Episode summary
Scott Carden’s path from IT tinkerer to Head of Engineering at the NRMA shapes a systems-first approach to public EV charging. In this episode, he unpacks lessons from Erldunda’s off-grid fast-charging experiment, explains why tight integration (not just hardware) underpins reliability, and discusses how the NRMA mutual model enables coverage in locations where private CPOs won’t build.
From IT Tinkerer to Head of Engineering at the NRMA
Scott didn’t take the linear route: a teenage IT business, years in frontline roles, then a mechatronics degree as a mature-age student. His work across mines, hospitals, defence, and high-rise embedded networks gave him a whole-of-system perspective that he now applies to Australia’s EV network challenge — making fast charging reliable, equitable, and future-fit.
Key Takeaways
- Off-grid is possible — if integrated well. The Erldunda (NT) site progressed from “alpha” to “beta” to today’s “release candidate,” refining integration between solar, batteries, generators, and chargers.
- Integration equals reliability. EV chargers can spike from 0–100% load in a tenth of a second — faster than generators (and sometimes batteries) can respond — so tight control and coordination matter more than any single component
- The NRMA mutual model fills gaps. Unlike ROI-driven private operators, the NRMA can invest in less-commercial regional and remote links to ensure national coverage.
- Balance the network. The NRMA avoids “double-building” in towns with overlapping state and federal programs while targeting a charger roughly every 150 km along key corridors.
- Ultra-remote economics are challenging.

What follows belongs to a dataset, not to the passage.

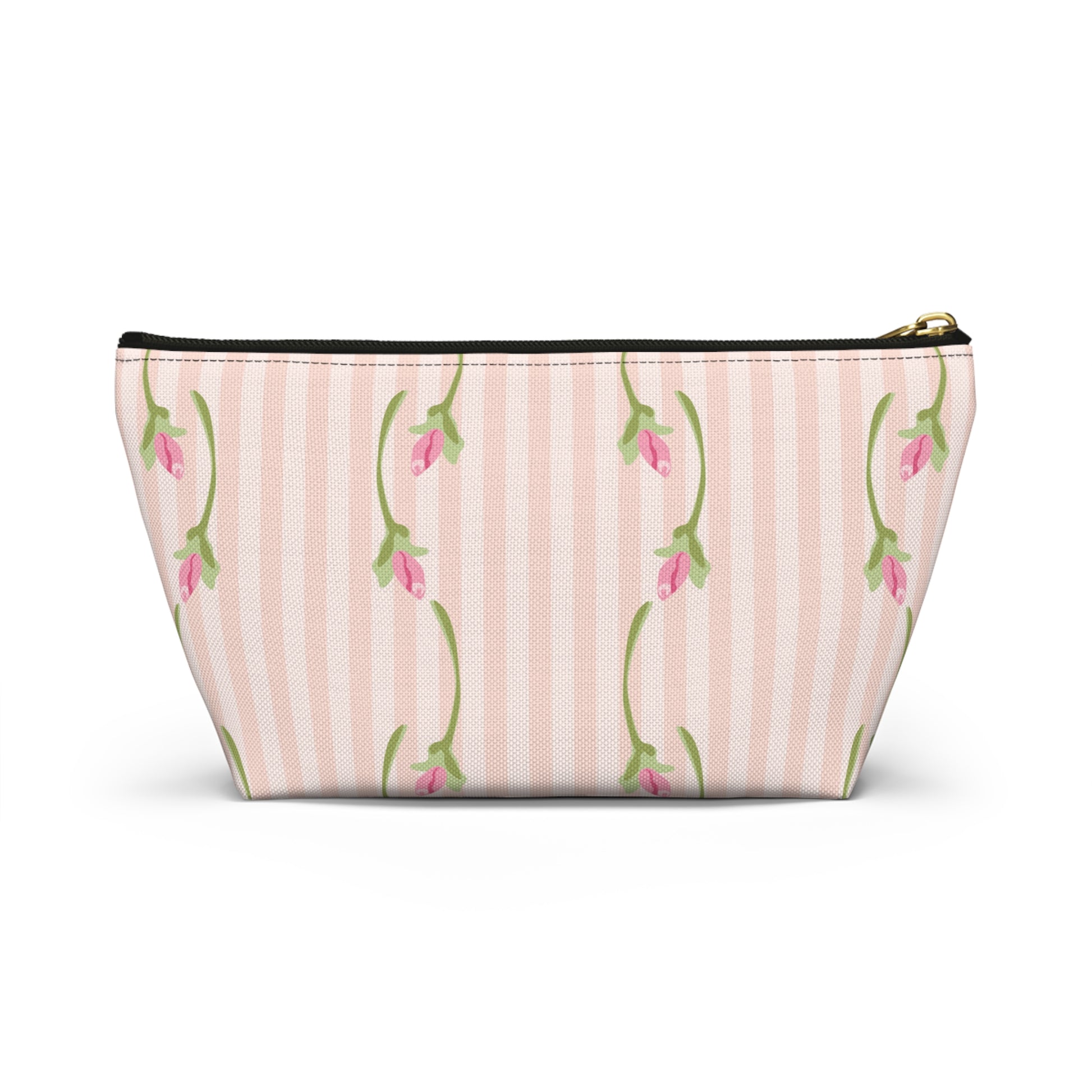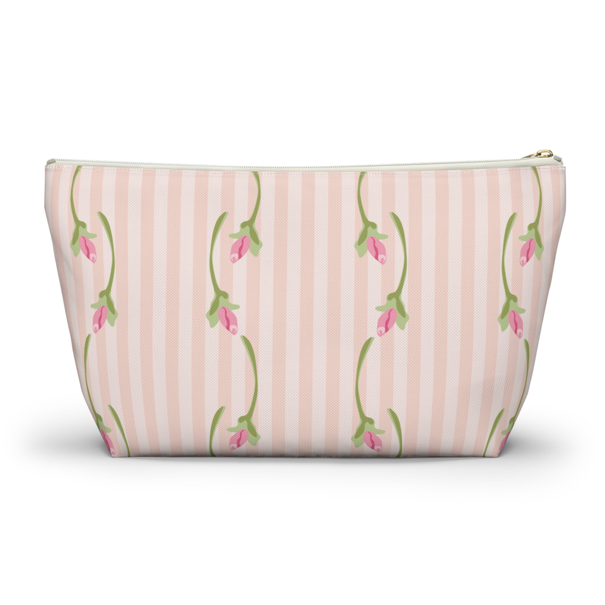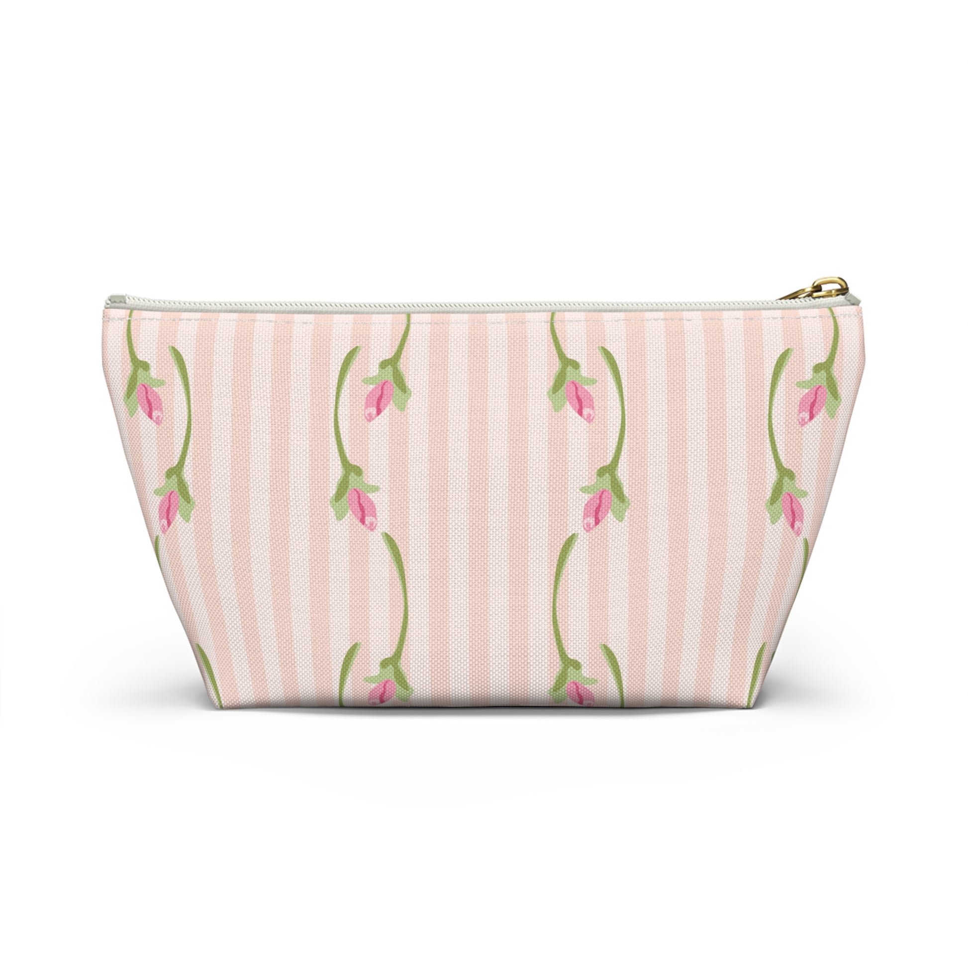 Our t-bottom pouches vary from small to large and can be used for pretty much anything. They make excellent pencil cases and cosmetic travel bags. They are constructed from a durable material with a zipper closure.

In harsh locations, the energy needed to keep systems online can exceed what’s sold — proving coverage and reliability matter more than near-term profit.
- Graduates lift outcomes. First-principles questions from new engineers often surface simpler, stronger solutions.

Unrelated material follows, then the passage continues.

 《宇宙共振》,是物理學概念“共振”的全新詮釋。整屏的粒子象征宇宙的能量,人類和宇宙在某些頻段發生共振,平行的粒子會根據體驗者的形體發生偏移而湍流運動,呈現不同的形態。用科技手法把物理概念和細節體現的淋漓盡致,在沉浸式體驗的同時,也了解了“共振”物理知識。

The Erldunda Experiment: Alpha → Release Candidate
When the NRMA unveiled the off-grid fast-charging station at Erldunda, NT, it was a world first — an ambitious attempt to operate DC fast chargers with no grid connection. Early designs combined Tritium fast chargers, battery storage, solar, and diesel backup. On paper it worked; in practice, uncoordinated systems caused trips under sudden load spikes.

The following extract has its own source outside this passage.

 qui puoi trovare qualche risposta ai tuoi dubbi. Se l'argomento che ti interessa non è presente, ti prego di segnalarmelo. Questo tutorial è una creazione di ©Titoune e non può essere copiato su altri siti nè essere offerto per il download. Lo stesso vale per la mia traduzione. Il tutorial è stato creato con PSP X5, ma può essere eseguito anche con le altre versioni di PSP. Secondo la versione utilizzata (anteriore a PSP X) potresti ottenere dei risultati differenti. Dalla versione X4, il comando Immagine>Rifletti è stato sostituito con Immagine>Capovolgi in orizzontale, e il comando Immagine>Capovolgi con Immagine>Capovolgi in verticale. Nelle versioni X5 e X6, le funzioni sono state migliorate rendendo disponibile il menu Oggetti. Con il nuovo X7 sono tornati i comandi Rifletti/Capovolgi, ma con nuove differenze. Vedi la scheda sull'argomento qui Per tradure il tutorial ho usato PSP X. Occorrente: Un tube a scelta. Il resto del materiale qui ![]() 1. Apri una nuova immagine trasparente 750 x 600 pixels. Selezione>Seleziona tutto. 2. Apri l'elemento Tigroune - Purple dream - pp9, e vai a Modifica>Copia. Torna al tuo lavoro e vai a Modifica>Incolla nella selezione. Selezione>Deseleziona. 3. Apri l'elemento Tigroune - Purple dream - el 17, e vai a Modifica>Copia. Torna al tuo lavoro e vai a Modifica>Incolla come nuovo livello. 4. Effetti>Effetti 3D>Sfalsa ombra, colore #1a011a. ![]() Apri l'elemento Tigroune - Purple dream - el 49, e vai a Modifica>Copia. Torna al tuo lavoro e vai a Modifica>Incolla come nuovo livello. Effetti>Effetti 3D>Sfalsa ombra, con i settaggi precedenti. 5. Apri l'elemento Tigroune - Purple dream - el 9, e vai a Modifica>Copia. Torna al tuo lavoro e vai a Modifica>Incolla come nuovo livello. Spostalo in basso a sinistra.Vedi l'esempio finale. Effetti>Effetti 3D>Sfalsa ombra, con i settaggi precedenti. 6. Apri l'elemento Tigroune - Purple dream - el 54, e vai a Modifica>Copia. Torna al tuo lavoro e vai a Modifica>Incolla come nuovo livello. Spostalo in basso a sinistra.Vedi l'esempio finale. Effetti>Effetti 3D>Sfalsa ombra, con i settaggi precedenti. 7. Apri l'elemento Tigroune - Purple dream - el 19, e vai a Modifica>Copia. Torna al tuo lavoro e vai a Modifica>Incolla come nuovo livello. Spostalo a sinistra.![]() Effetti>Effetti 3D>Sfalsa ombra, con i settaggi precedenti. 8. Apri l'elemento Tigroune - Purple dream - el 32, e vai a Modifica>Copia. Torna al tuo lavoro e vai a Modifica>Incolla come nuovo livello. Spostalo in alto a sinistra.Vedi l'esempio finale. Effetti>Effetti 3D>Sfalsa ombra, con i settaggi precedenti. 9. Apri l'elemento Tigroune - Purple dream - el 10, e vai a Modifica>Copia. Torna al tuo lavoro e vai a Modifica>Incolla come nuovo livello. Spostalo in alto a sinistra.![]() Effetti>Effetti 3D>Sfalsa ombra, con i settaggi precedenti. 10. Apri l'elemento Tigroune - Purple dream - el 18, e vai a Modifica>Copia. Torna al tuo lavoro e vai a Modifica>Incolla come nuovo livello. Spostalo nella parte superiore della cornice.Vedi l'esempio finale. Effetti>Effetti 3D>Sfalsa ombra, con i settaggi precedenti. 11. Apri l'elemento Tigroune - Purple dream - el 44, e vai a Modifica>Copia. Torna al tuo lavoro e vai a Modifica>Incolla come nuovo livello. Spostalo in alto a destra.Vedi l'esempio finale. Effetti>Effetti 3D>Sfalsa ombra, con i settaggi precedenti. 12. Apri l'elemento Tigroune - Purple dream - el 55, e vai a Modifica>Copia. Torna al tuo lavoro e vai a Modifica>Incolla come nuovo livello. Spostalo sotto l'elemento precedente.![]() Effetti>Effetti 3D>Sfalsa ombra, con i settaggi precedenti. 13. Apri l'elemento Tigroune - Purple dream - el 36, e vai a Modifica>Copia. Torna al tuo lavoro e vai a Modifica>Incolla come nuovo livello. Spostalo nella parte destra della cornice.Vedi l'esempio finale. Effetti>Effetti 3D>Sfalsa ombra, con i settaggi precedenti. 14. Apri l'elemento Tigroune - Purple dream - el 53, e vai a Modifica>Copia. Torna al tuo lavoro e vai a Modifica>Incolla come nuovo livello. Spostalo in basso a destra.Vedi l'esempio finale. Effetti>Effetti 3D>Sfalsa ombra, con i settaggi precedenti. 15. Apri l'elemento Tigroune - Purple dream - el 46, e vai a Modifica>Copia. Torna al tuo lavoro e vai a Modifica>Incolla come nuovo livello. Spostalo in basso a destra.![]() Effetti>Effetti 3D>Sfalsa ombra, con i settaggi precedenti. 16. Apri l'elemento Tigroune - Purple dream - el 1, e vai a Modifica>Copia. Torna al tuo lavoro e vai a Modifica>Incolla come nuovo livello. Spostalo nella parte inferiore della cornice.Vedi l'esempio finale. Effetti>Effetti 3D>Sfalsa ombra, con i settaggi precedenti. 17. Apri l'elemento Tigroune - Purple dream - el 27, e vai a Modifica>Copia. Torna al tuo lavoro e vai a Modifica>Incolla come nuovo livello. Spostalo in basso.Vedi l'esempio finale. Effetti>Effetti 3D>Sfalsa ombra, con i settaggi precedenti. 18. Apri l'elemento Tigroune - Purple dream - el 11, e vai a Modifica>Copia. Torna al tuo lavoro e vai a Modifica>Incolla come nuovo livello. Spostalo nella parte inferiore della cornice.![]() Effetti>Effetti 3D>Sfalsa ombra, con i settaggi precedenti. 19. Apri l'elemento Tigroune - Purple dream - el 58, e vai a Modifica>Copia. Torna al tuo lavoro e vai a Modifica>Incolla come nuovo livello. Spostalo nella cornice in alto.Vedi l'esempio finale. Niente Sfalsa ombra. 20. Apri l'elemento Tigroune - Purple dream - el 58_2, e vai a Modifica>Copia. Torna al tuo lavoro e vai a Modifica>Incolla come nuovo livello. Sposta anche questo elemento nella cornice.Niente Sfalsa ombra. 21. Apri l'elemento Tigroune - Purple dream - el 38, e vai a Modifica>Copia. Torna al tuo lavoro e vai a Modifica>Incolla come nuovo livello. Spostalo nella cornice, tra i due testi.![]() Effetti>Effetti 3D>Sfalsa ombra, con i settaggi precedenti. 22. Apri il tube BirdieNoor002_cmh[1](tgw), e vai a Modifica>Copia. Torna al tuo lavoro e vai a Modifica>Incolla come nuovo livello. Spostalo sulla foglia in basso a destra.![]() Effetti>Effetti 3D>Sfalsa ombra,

Lessons from Erldunda informed a cleaner “beta” site at Nullarbor and a more stable “release candidate” back at Erldunda — with tighter set points, faster detection of charger demand, smarter generator synchronisation, and clearer fail-safe states. The result is a proof-of-concept for what’s technically achievable in Australia’s most challenging conditions.
Why the NRMA Builds Where Others Won’t
As a mutual organisation, the NRMA reinvests for members and the public good — allowing it to build the “hard-yards” links that make long-distance EV trips possible. From the east coast to Perth, the NRMA goal is a network that lets Australians choose their route — whether via the southern highways or the long way through the NT — while balancing metro and regional locations and maintaining roughly 150 km spacing between chargers.
Culture and Team
Scott’s team blends disciplined engineering with curiosity and first-principles thinking. Graduates are given real projects early and encouraged to question assumptions.
“Engineers love to overcomplicate problems. Sometimes a graduate asks the simplest question — and it’s the one everyone else overlooked.”
At the NRMA the culture of first principles, curiosity, and integration is key to deliver projects in settings as varied as Sydney CBD carparks and outback roadhouses.
What Actually Improves Uptime (Beyond Good Hardware)
- Driver-centred metrics: Track first-attempt start rate and median time-to-charge, not just fleet-wide uptime.
- Fast, coordinated controls: Align inverter, battery, and generator responses to pre-empt charger spikes.
- Versioned changes: Firmware rollouts in rings (canary → cohort → fleet) with auto-pause on regression signals.
- Observability: High-resolution telemetry by connector, error streak logic, and deduplicated alerts.
- Remote recovery first: Safe reboots, cache clears, and comms resets before sending field crews.
Why It Matters
Australia needs an EV charging backbone that gives drivers confidence to plan any trip. The NRMA approach — plugging network gaps, spacing sites sensibly, and designing for reliability — proves that dependable EV travel can extend beyond city limits and into Australia’s most remote regions.